Harvard draws obsessive people by the hundreds. The average Harvard undergraduate seems distinguished by the fact that he is not average in at least one area; the area may be physics, grade-grubbing, writing, egomania or self-loathing. Most everyone here, for better or worse, developed a trait or interest in childhood that made him a little different.
The folks who gravitate toward the Lampoon, however, are obsessive about everything. They are the ultimate transparent eyeballs, indiscriminately bringing in everything they can see, anything that will increase their store of information. And the most obvious target for obsessive youngsters is the part of society that produces stimulation constantly--in short, television. So these guys start to learn everything about television, and, as kids, they gravitate toward the tube's broad horizon of situation comedies. My guess is that you could walk into the Lampoon castle tomorrow, ask the inhabitants to sing the theme song from That Girl or to recite the list of characters in The Addams Family, and get an accurate response from virtually everyone.

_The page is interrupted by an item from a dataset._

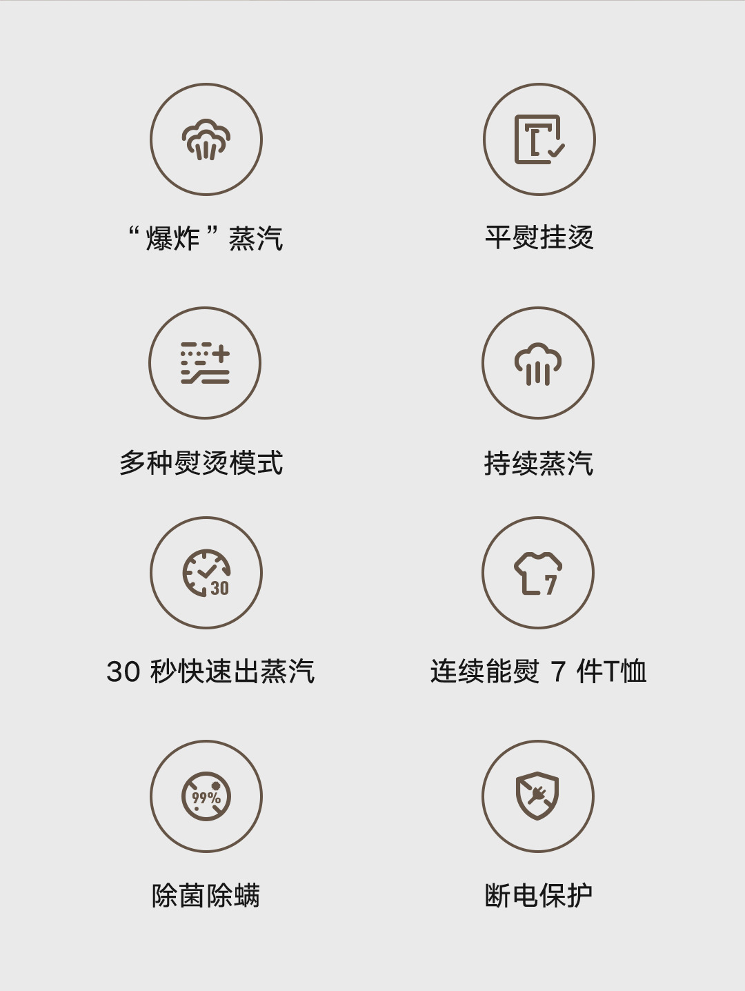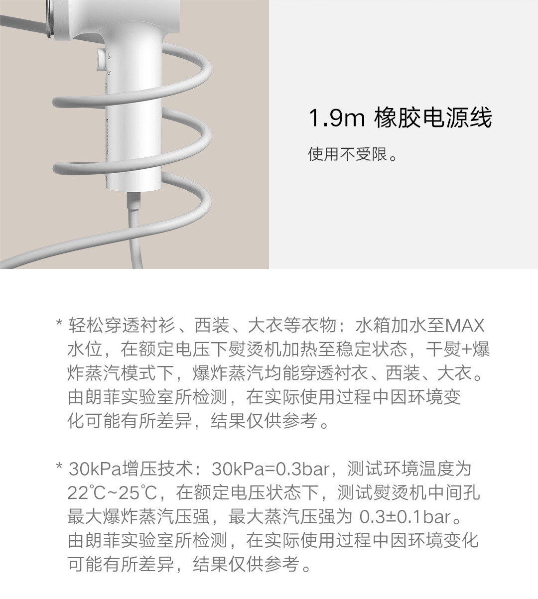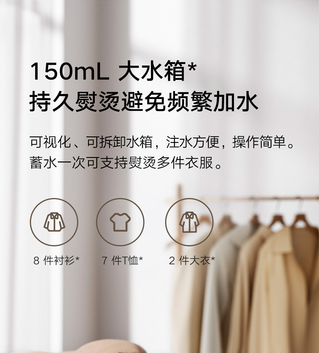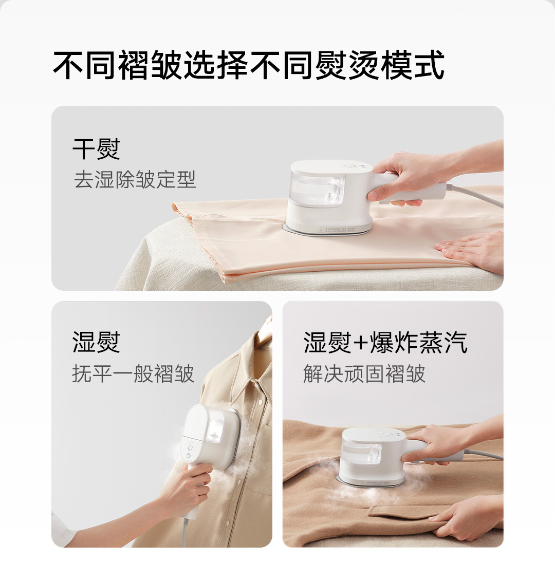30秒快速出蒸汽;1分钟快速除皱;可视化150ML大水箱; 增压脉冲蒸汽;高温蒸汽除菌除螨,多种熨烫模式;

So when these kids passed the television-watching years, all that time around comedy convinces them that somehow they can create it themselves. They are often wrong. The written humor they come up with by themselves usually appears forced and embarrassing to the outsider. Great wits they are not.
But neither are they stupid, nor oblivious to funny things. And in People magazine they found a focus that perfectly complements their backgrounds. As many people have pointed out before, People is merely paper-television, with identical subject matter and similar format. In the parody, the Poonies walk on comfortable and familiar ground; they have found a subject wedded to their talents. The glee, combined with the compulsive energy, with which they pursued their task appears throughout the parody in pleasing excess. It may be hard to imagine the Poonies as houseguests, but with the People parody, the Harvard Lampoon has found a home.